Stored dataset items

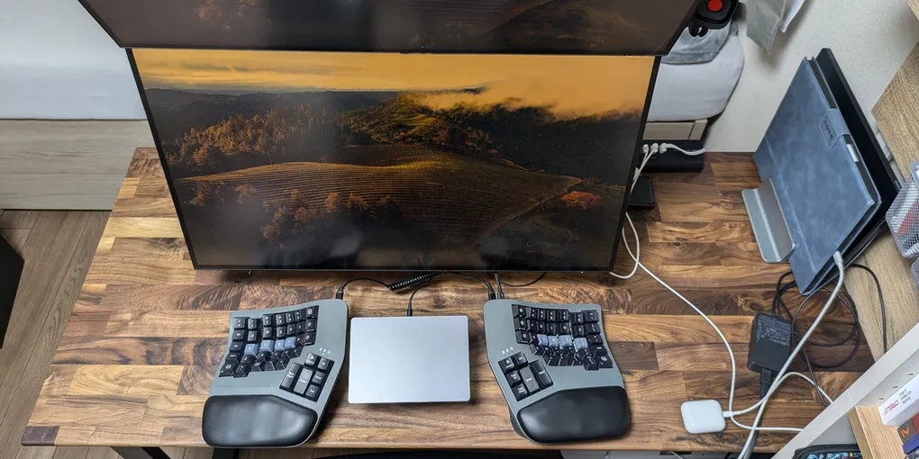 - 後から気づいたが、モニタアームはクランプで付けるより、穴あけオプションで天板に穴を開けてグロメット式で取り付けた方が強度的には良かったのかもしれない。
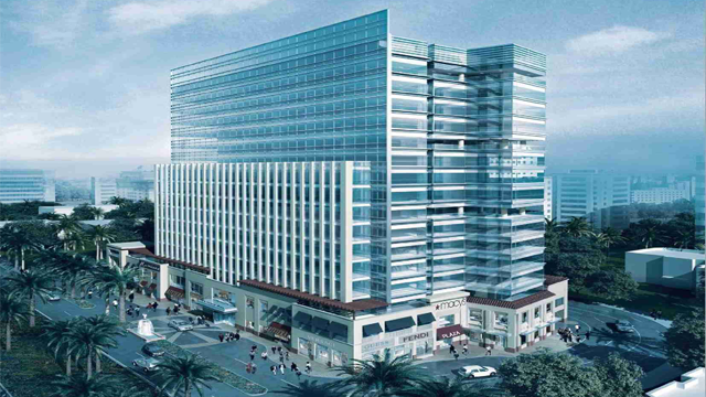 Emaar MGF The Palm Springs Plaza on Golf Course Road, offers luxury offices, retail spaces, and is part of a premium community with villas and apartments.
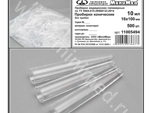 Пробирка предназначена для отбора, хранения и транспортировки образцов биоматериалов в целях дальнейших диагностичеких исследований в клинических лабораториях. Изготовлена из полистирола. Без пробки.
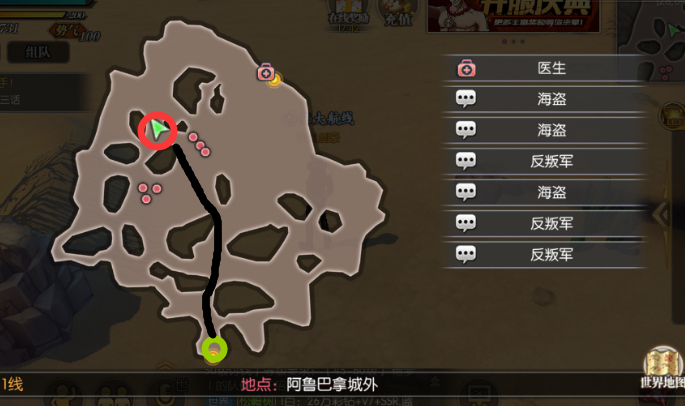 11点老沙 阿鲁巴拿城外boss刷新点 红**oss 绿色出生点 黑色路径
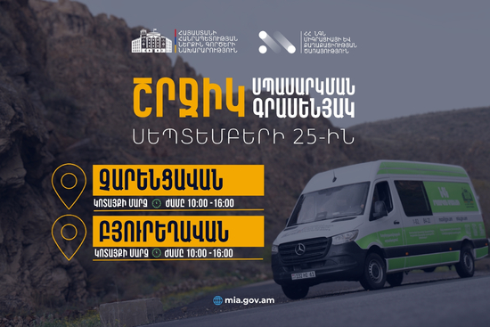 Սեպտեմբերի 25-ին շրջիկ սպասարկման գրասենյակները կլինեն նաև Կոտայքի մարզի Նոր Հաճըն և Գեղարքունիքի մարզի Վարդենիս համայնքապետարանների հարևանությամբ՝ սեպտեմբերի 18-ին ընդունված դիմումների շրջանակներում փաստաթղթերը հանձնելու նպատակով։
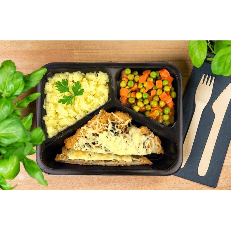 "Składniki: Puree ziemniaczane 39,4% (ziemniaki (95%), olej rzepakowy, tłuszcz roślinny, sól, biały pieprz), Kotlet schabowy 35,3% (schab wieprzowy 45%, JAJA 14,5%, pieczarki 11,3%, ser mozzarella (MLEKO, podpuszczka mikrobiologiczna, kultury bakterii, sól, skrobia ziemniaczana) 11,2%, bułka tarta (mąka PSZENNA, mąka ŻYTNIA, sól, drożdże) 10,3%, mąka PSZENNA 2,9%, smalec 2,3%, olej rzepakowy 1,6%, MLEKO 0,5%, cebula 0,2%, pieprz czarny 0%, sól 0%), Marchewka z groszkiem 23,7% (marchew 47,4%, groszek zielony 24,6%, woda 20,9%, masło /z MLEKA/4,3%, mąka PSZENNA 1,9%, cukier 0,5%, sól 0,5%), Koperek 1,6% (koper 100%)

Work order
Excluding images, return all of the records above word for word.

Result for this task
 - 後から気づいたが、モニタアームはクランプで付けるより、穴あけオプションで天板に穴を開けてグロメット式で取り付けた方が強度的には良かったのかもしれない。
 Emaar MGF The Palm Springs Plaza on Golf Course Road, offers luxury offices, retail spaces, and is part of a premium community with villas and apartments.
 Пробирка предназначена для отбора, хранения и транспортировки образцов биоматериалов в целях дальнейших диагностичеких исследований в клинических лабораториях. Изготовлена из полистирола. Без пробки.
 11点老沙 阿鲁巴拿城外boss刷新点 红**oss 绿色出生点 黑色路径
 Սեպտեմբերի 25-ին շրջիկ սպասարկման գրասենյակները կլինեն նաև Կոտայքի մարզի Նոր Հաճըն և Գեղարքունիքի մարզի Վարդենիս համայնքապետարանների հարևանությամբ՝ սեպտեմբերի 18-ին ընդունված դիմումների շրջանակներում փաստաթղթերը հանձնելու նպատակով։
 "Składniki: Puree ziemniaczane 39,4% (ziemniaki (95%), olej rzepakowy, tłuszcz roślinny, sól, biały pieprz), Kotlet schabowy 35,3% (schab wieprzowy 45%, JAJA 14,5%, pieczarki 11,3%, ser mozzarella (MLEKO, podpuszczka mikrobiologiczna, kultury bakterii, sól, skrobia ziemniaczana) 11,2%, bułka tarta (mąka PSZENNA, mąka ŻYTNIA, sól, drożdże) 10,3%, mąka PSZENNA 2,9%, smalec 2,3%, olej rzepakowy 1,6%, MLEKO 0,5%, cebula 0,2%, pieprz czarny 0%, sól 0%), Marchewka z groszkiem 23,7% (marchew 47,4%, groszek zielony 24,6%, woda 20,9%, masło /z MLEKA/4,3%, mąka PSZENNA 1,9%, cukier 0,5%, sól 0,5%), Koperek 1,6% (koper 100%)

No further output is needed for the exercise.